▶ [Problem requirements]: Below are entries with pictures among them; reproduce exactly, and only, the lines from the one containing "가을과 겨울 완전 탄성" down to the one containing "Red velvet filling", without the pictures.

▶ [Material shown]:
···

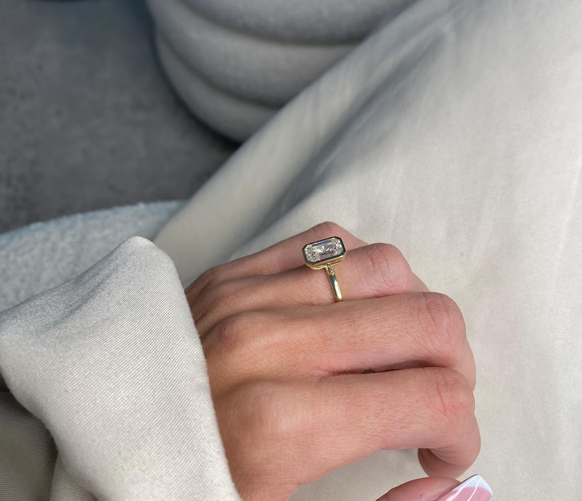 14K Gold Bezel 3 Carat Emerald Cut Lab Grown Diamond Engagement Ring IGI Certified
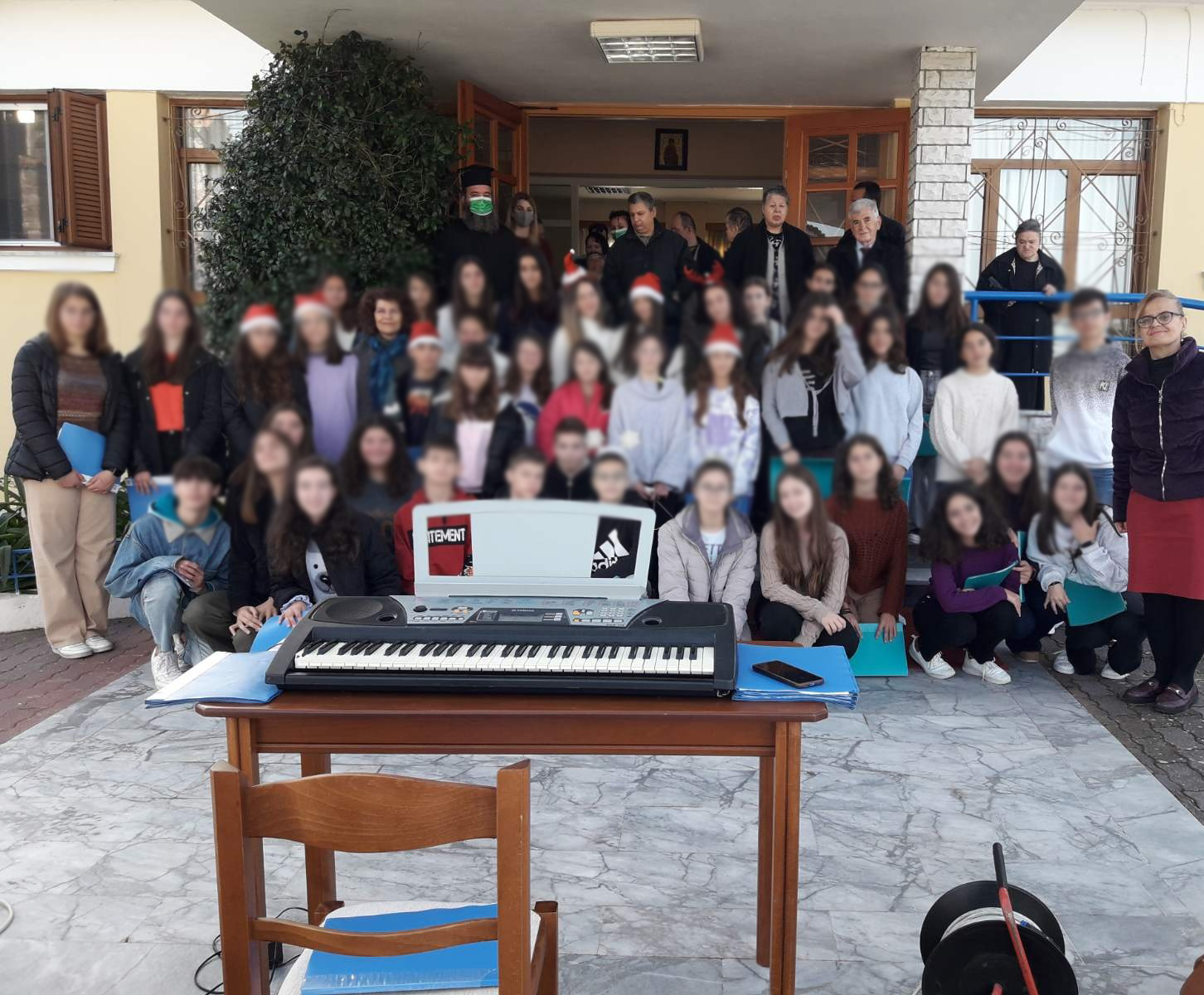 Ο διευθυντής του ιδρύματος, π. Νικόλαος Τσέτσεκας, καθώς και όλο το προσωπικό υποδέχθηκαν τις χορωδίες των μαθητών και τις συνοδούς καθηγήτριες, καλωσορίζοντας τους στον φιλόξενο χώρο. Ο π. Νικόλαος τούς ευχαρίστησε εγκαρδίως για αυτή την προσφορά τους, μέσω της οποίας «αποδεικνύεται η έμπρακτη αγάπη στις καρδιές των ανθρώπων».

···

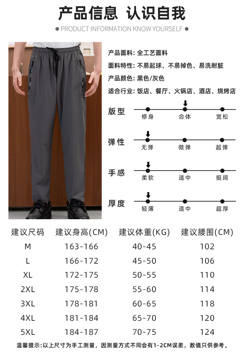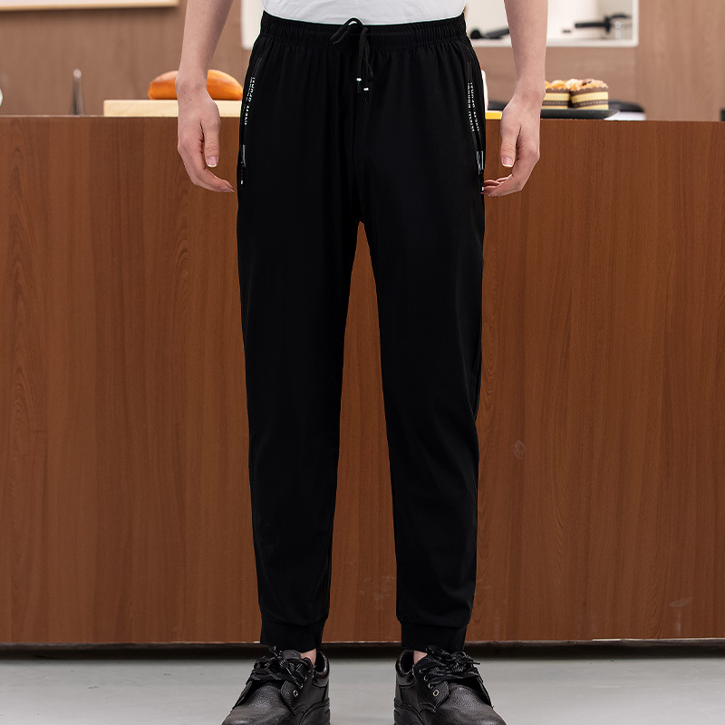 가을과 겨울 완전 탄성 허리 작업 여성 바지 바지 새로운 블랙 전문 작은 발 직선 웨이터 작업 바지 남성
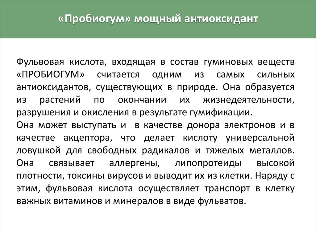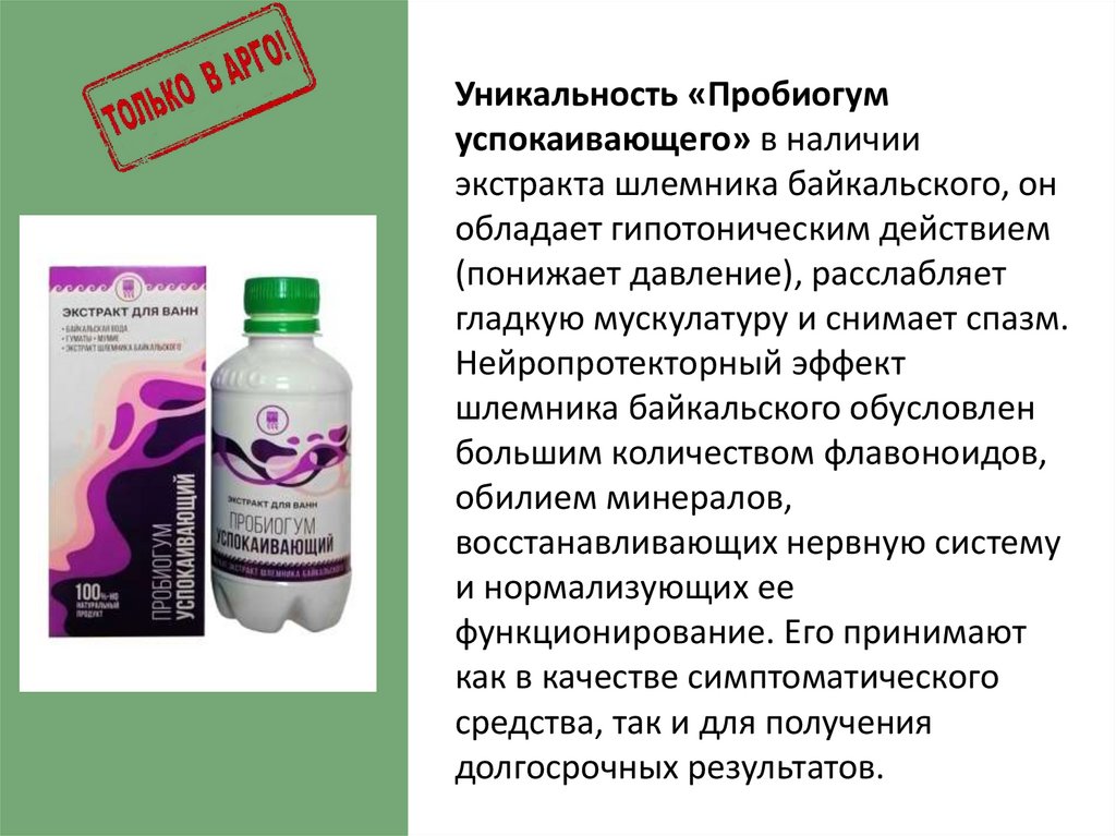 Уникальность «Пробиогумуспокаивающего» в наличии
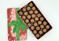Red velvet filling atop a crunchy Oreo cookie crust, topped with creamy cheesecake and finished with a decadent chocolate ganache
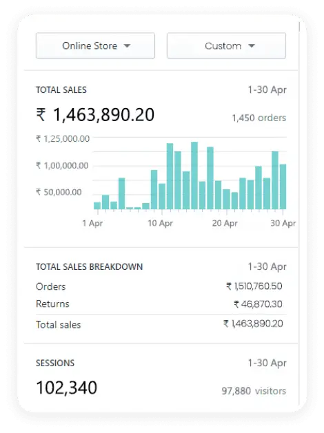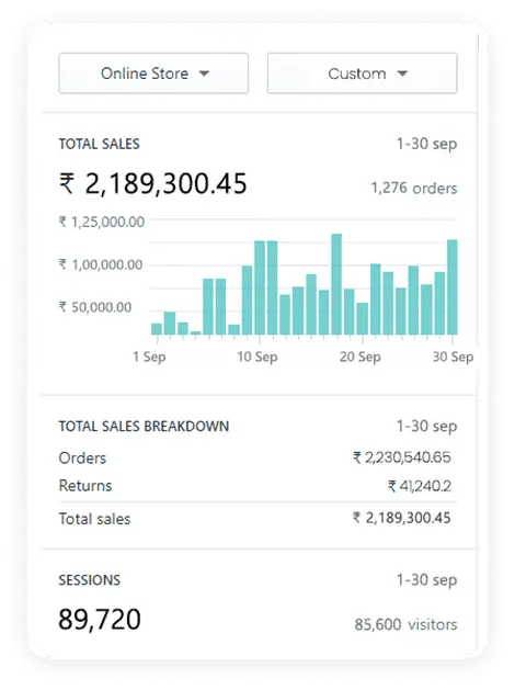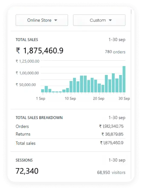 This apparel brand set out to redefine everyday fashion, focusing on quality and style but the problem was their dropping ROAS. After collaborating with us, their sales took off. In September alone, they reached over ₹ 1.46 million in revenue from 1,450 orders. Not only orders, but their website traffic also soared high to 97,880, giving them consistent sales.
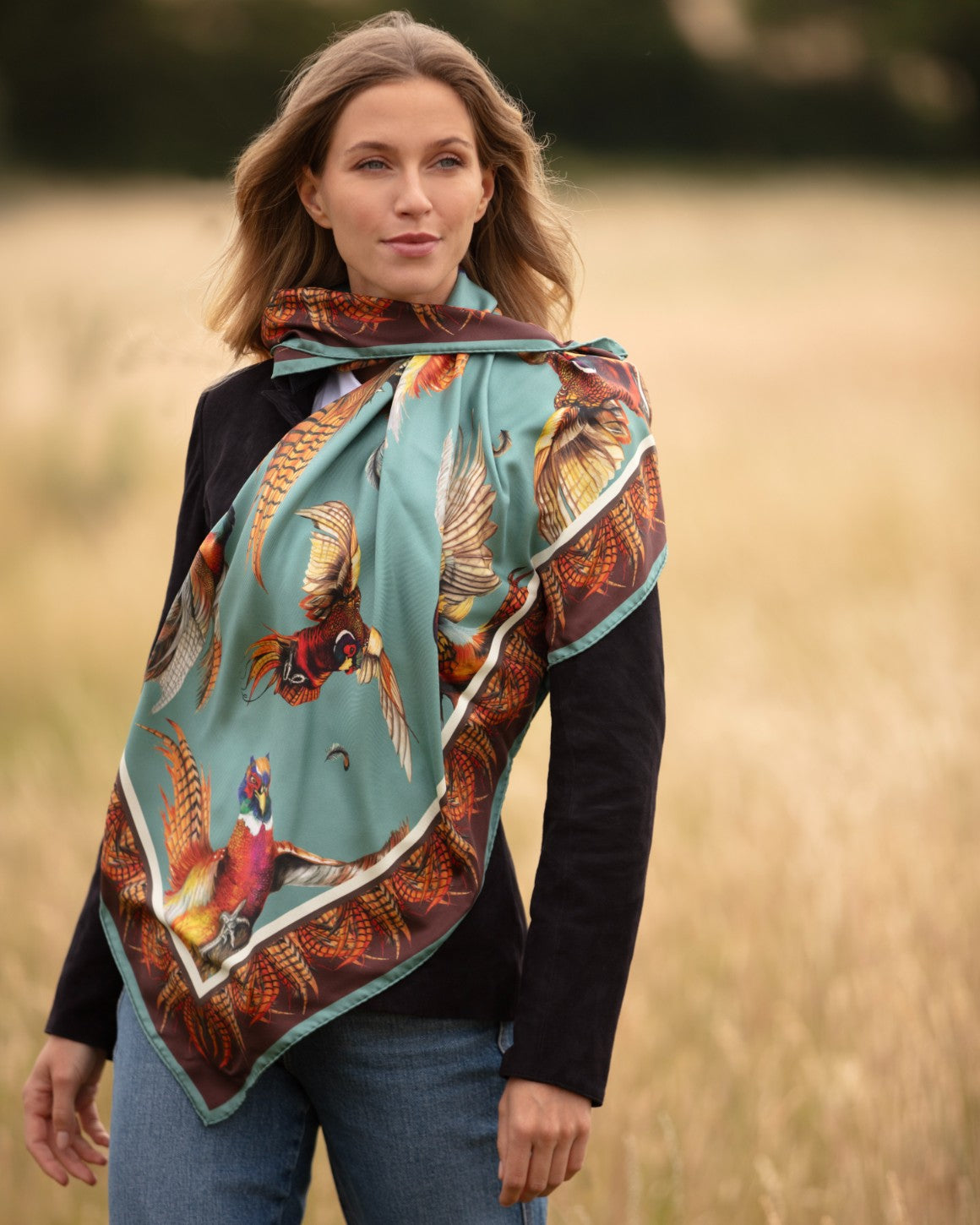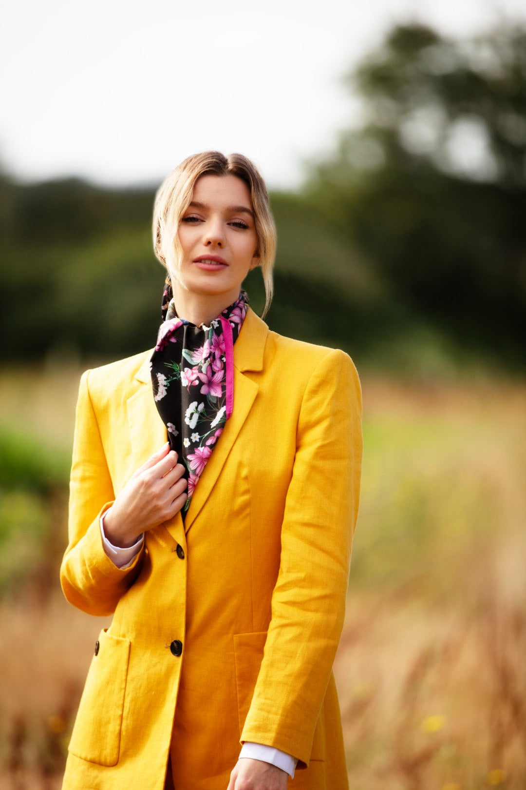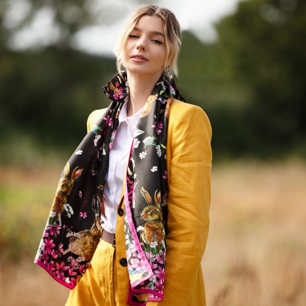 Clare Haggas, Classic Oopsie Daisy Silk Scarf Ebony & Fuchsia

···

▶ [Solution for this problem]:
 가을과 겨울 완전 탄성 허리 작업 여성 바지 바지 새로운 블랙 전문 작은 발 직선 웨이터 작업 바지 남성
 Уникальность «Пробиогумуспокаивающего» в наличии
Red velvet filling atop a crunchy Oreo cookie crust, topped with creamy cheesecake and finished with a decadent chocolate ganache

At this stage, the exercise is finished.